-- Opening Marker --
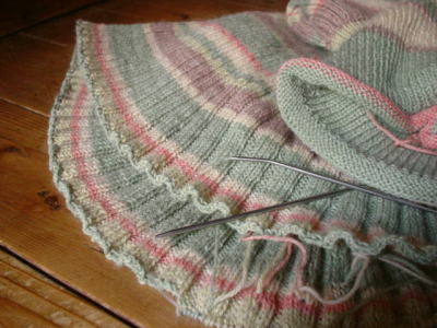 裾をゴム編みにしたかったんですよね~、どうしても。
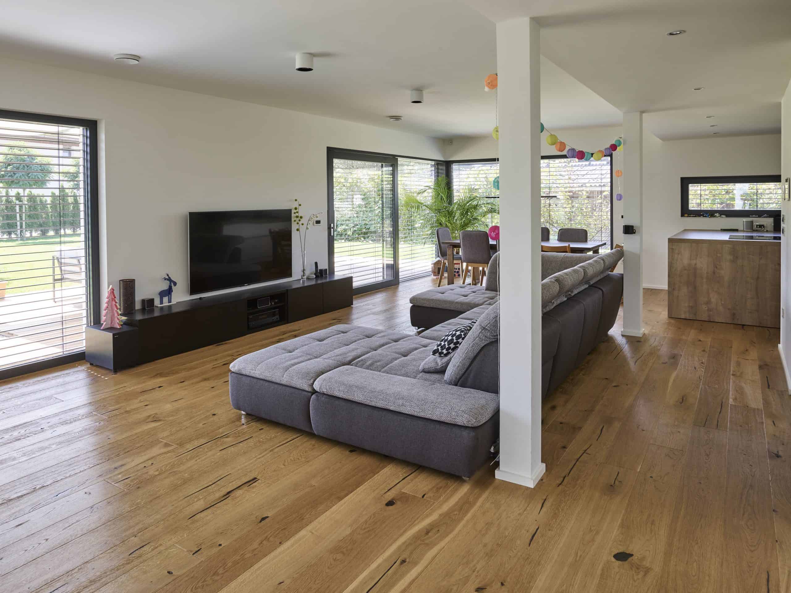 Odprti bivalni prostori so umeščeni v pritličje, v njih pa se prepletajo dnevna soba, jedilnica in kuhinja, ki omogočajo družini, da v s soncu obsijanem prostoru skupaj preživljajo proste trenutke. Bivalni prostori so z velikimi panoramskimi zasteklitvami povezani s prostorno teraso in velikim vrtom.
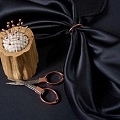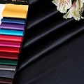 По своей структуре атлас прокатный это плотная атласная ткань с матовой лицевой поверхностью, которая тем не менее обладает свойством "сиять" практически при любом освещении. Ткань не обсыпается по краям, проста в обработке и абсолютно не эластична. В прокатном атласе нет никакого запаса стрейча, поэтому пошитые из него платья не потеряют свою форму и не растянутся.
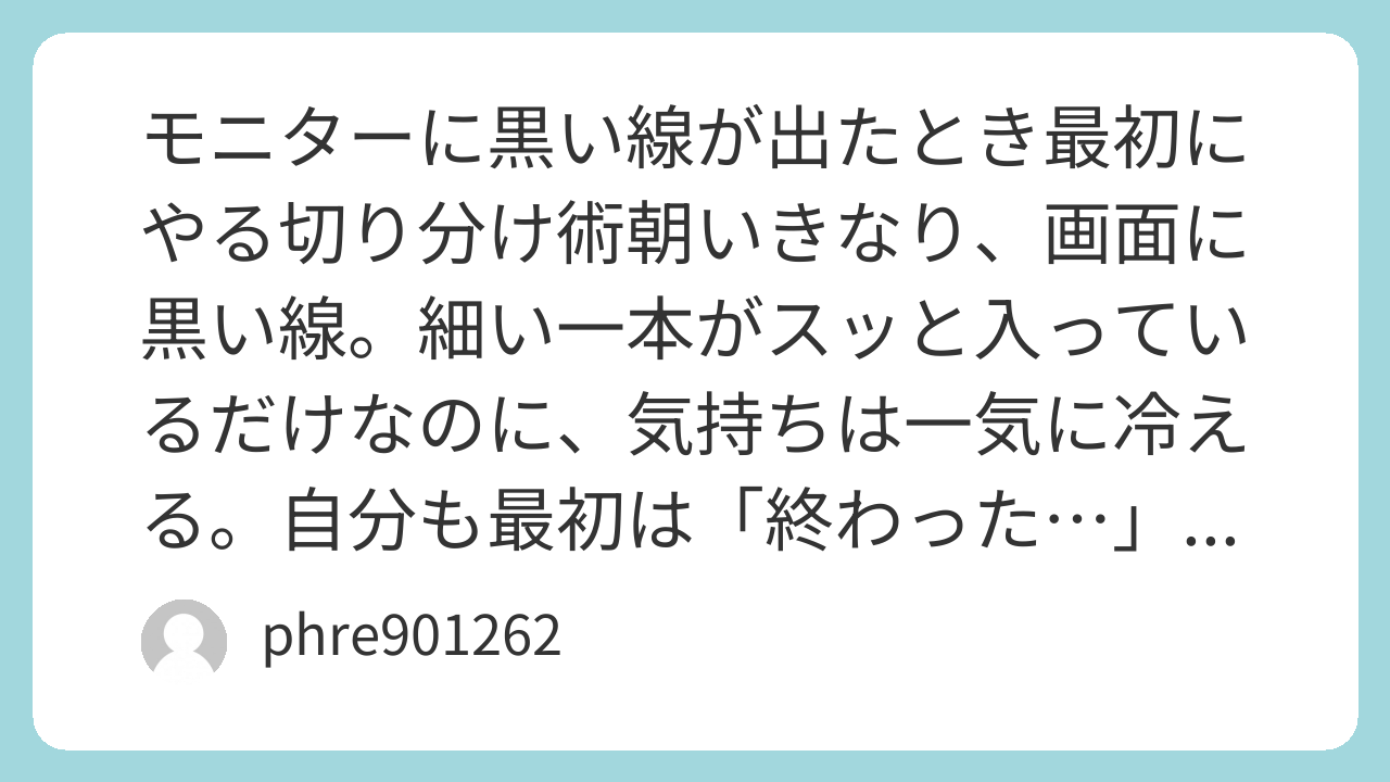 黒い線は、運が悪い故障のサインにもなるし、ただの接触不良のサインにもなる。だからこそ、焦りながらも順番だけは崩さない。スクショ判定→セルフテスト→ケーブル交換→別機器接続→設定調整。この流れでやると、原因が見える。見えたら、次の一手も決まる。
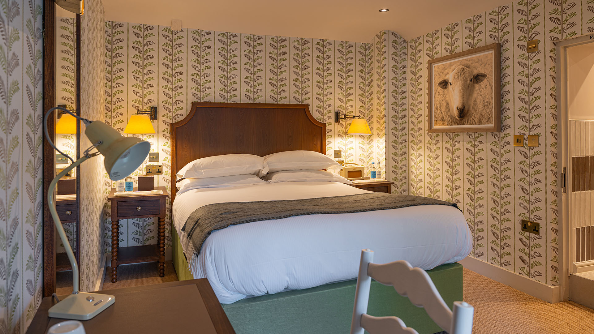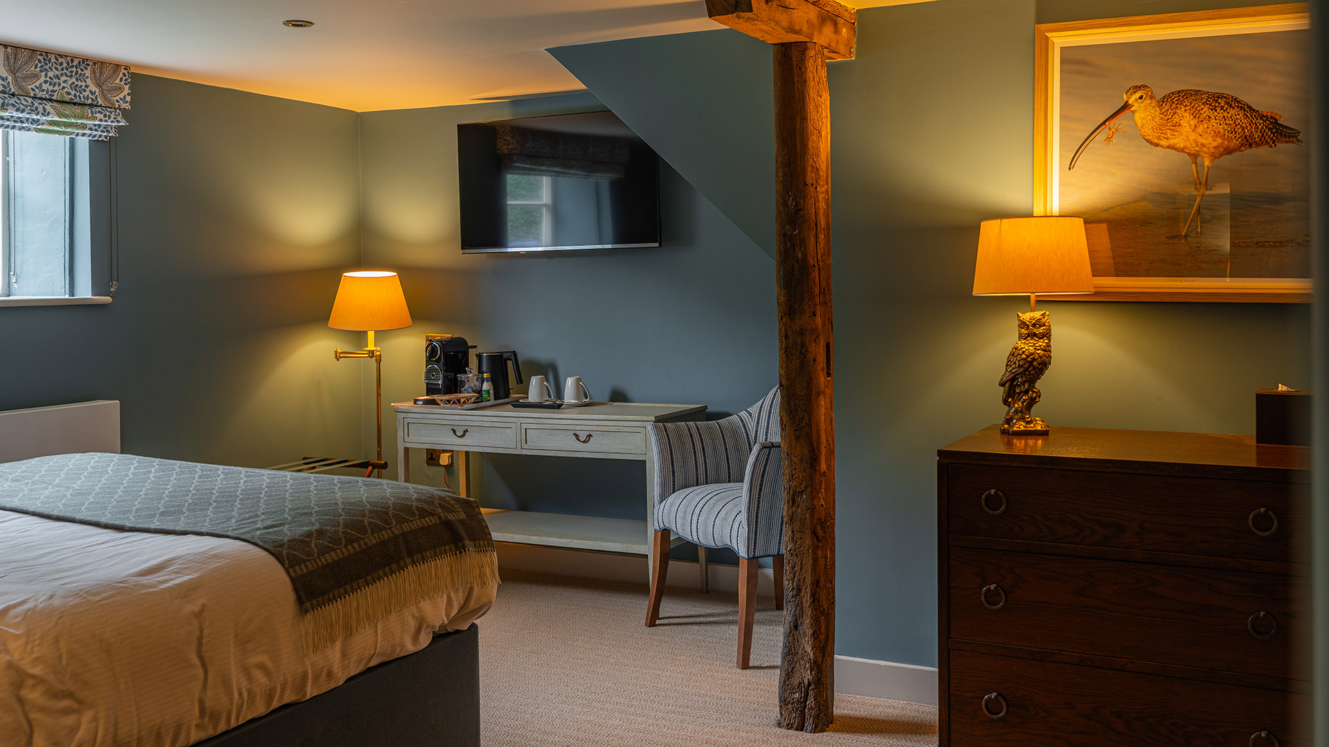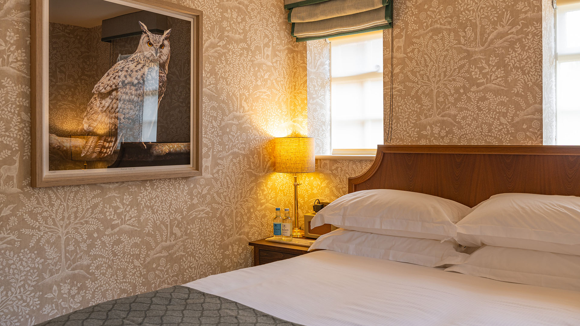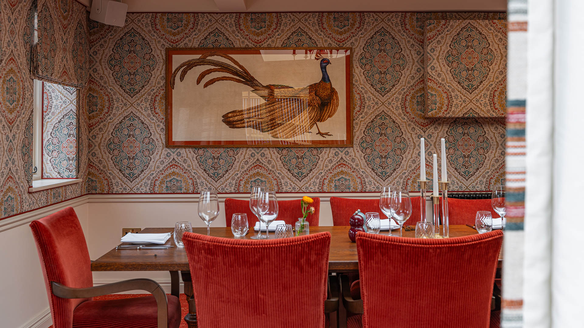 Working in collaboration with renowned interiors studio Nina Campbell, each of the eight bedrooms has been created with comfort and ease in mind. They are named after game birds, including Partridge, Quail, Grouse and Golden Pheasant and are decorated in rich earthy tones with a mix of classic and contemporary wallpapers. Natural materials such as wool, leather and warm wood are layered with antique bronze finishes, vintage furniture and decorative pieces to create a timeless and welcoming feel.
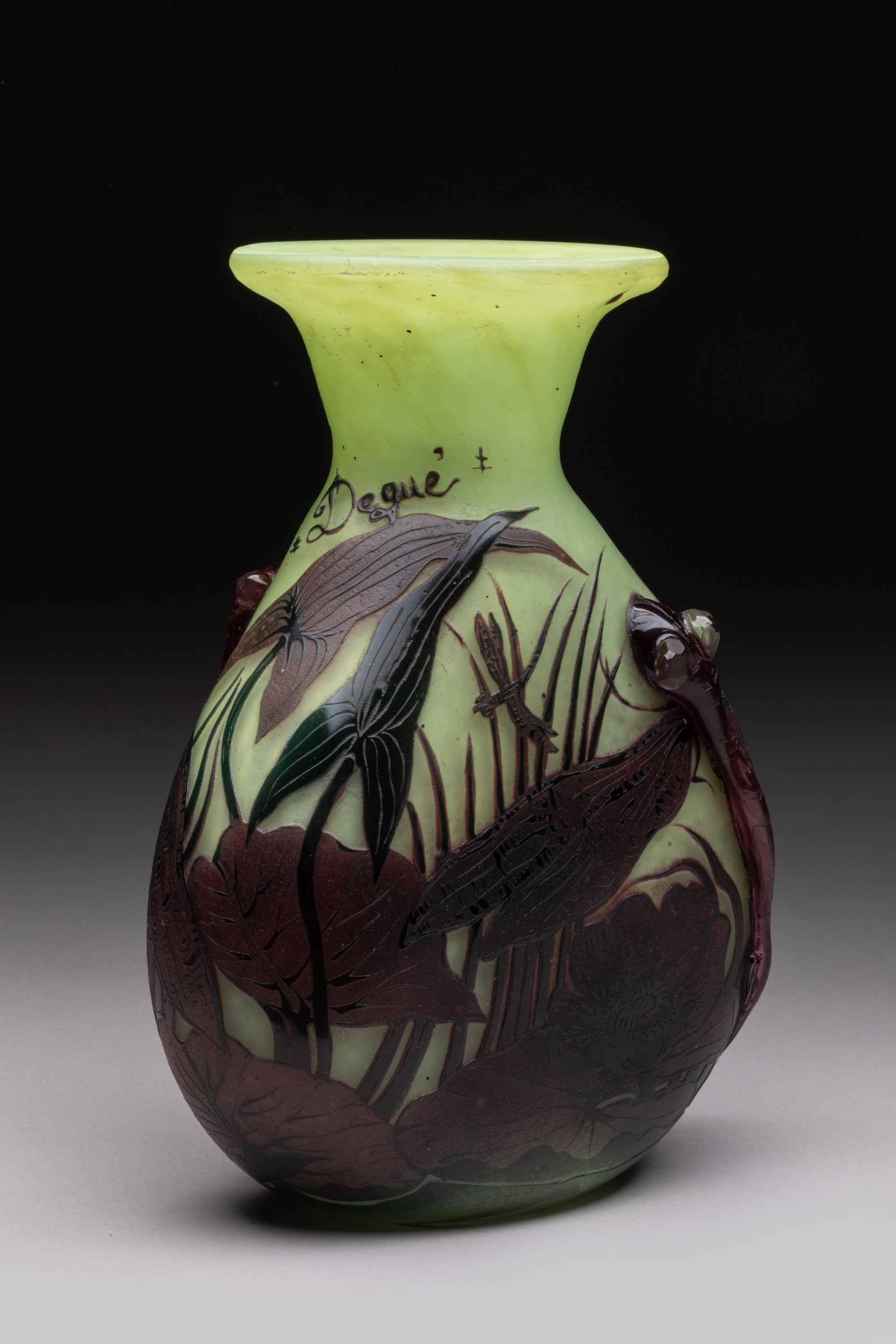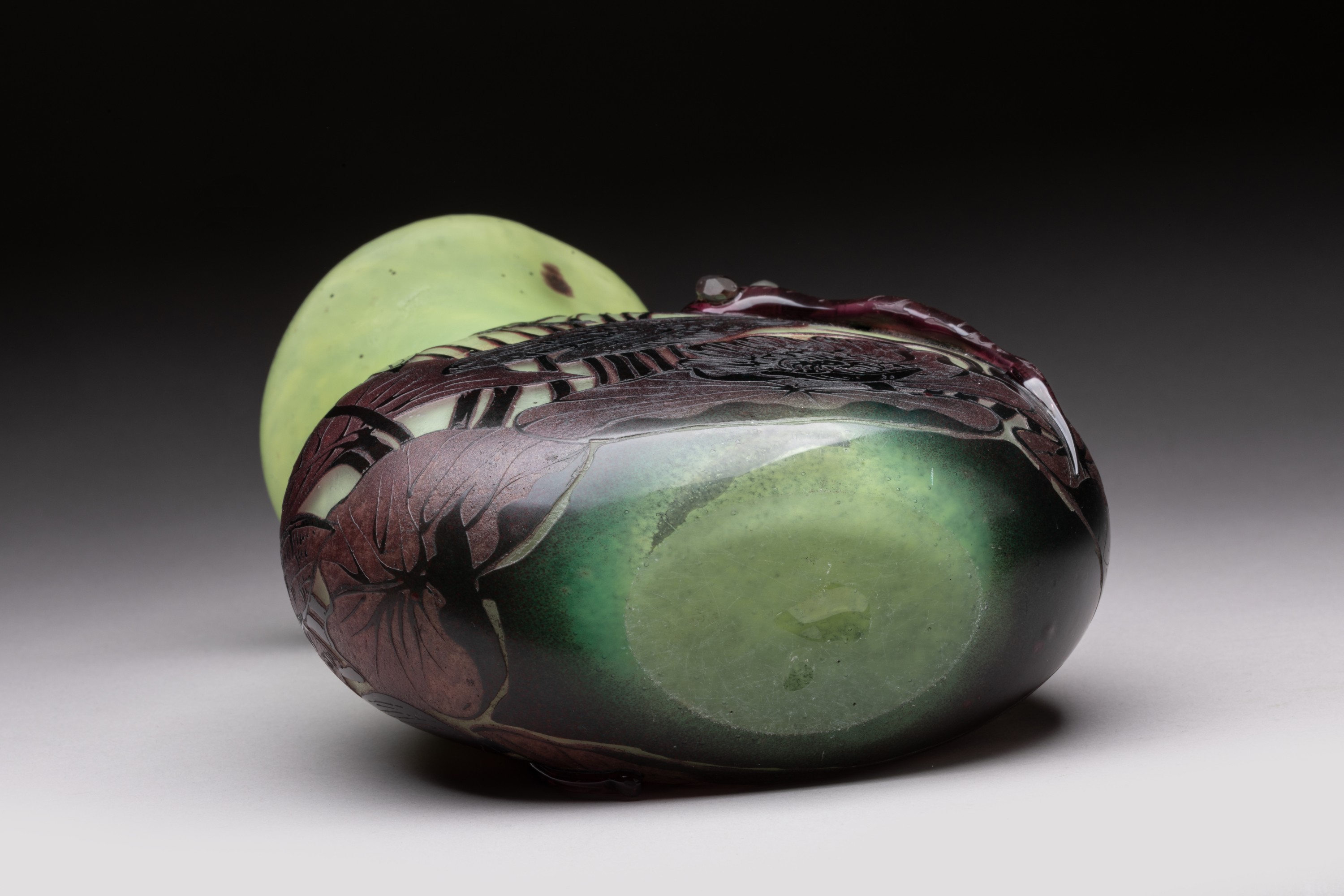 A Degué brown and green gourd-shaped cameo glass vase, acid-etched and overlaid with dragonflies.
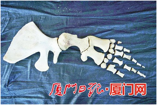 经过1个多小时,零散的250多块骨头“拼装”成一副完整的抹香鲸骨骼。这是上颌骨、下颌骨、脊椎骨、肋骨、指骨、胸骨、舌骨、V形骨、腰痕骨……董仁春熟练地为记者介绍。有趣的是,抹香鲸的鳍指和人的手一样,有着明显的五指结构。“右鳍有25节骨头,左鳍只有24节骨头,类似人小指位置上,两节骨头连在一起。”厦大生物博物馆馆长、厦门市水陆生物研究所所长童慎汉说,很可能,它曾经受过伤。
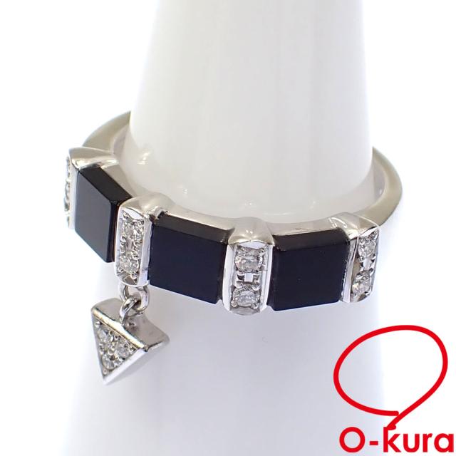 中古 ラソマ オニキス ダイヤモンド リング レディース K18WG 10号 0.12ct 4.6g 指輪 750 18金
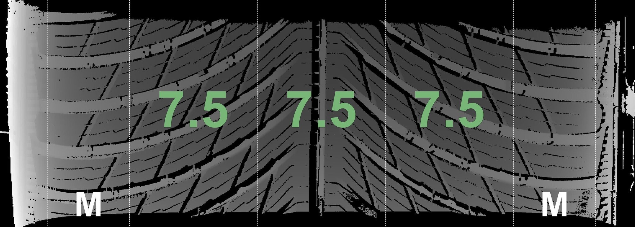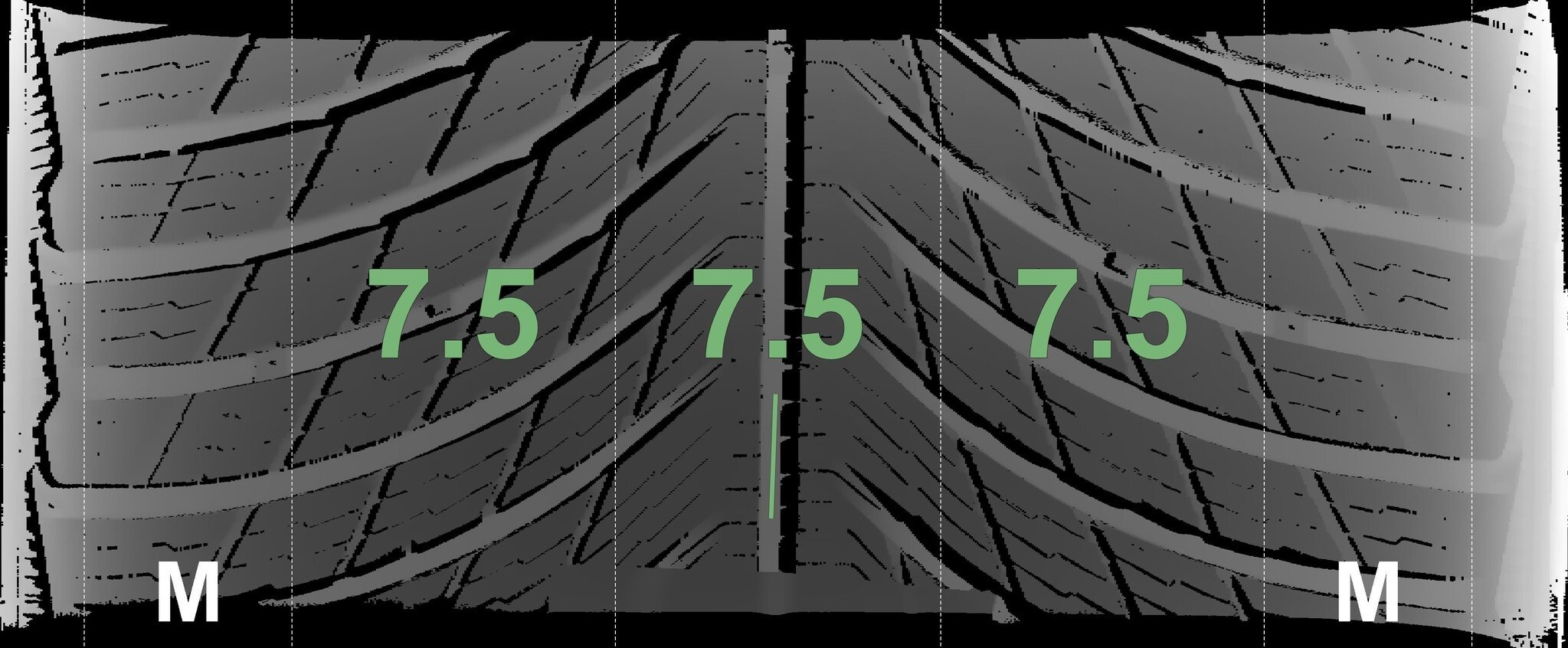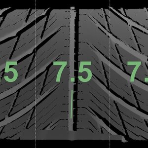 De gemeten profieldieptes en de details van de velgen zijn hierboven weergegeven.
-- Closing Marker --
§ **BRIEF**
From the line that includes "A Degué brown" on down to the last line of the entries above, set down each line exactly, leaving out the pictures.

§ **YOUR RESPONSE**
 A Degué brown and green gourd-shaped cameo glass vase, acid-etched and overlaid with dragonflies.
 经过1个多小时,零散的250多块骨头“拼装”成一副完整的抹香鲸骨骼。这是上颌骨、下颌骨、脊椎骨、肋骨、指骨、胸骨、舌骨、V形骨、腰痕骨……董仁春熟练地为记者介绍。有趣的是,抹香鲸的鳍指和人的手一样,有着明显的五指结构。“右鳍有25节骨头,左鳍只有24节骨头,类似人小指位置上,两节骨头连在一起。”厦大生物博物馆馆长、厦门市水陆生物研究所所长童慎汉说,很可能,它曾经受过伤。
 中古 ラソマ オニキス ダイヤモンド リング レディース K18WG 10号 0.12ct 4.6g 指輪 750 18金
 De gemeten profieldieptes en de details van de velgen zijn hierboven weergegeven.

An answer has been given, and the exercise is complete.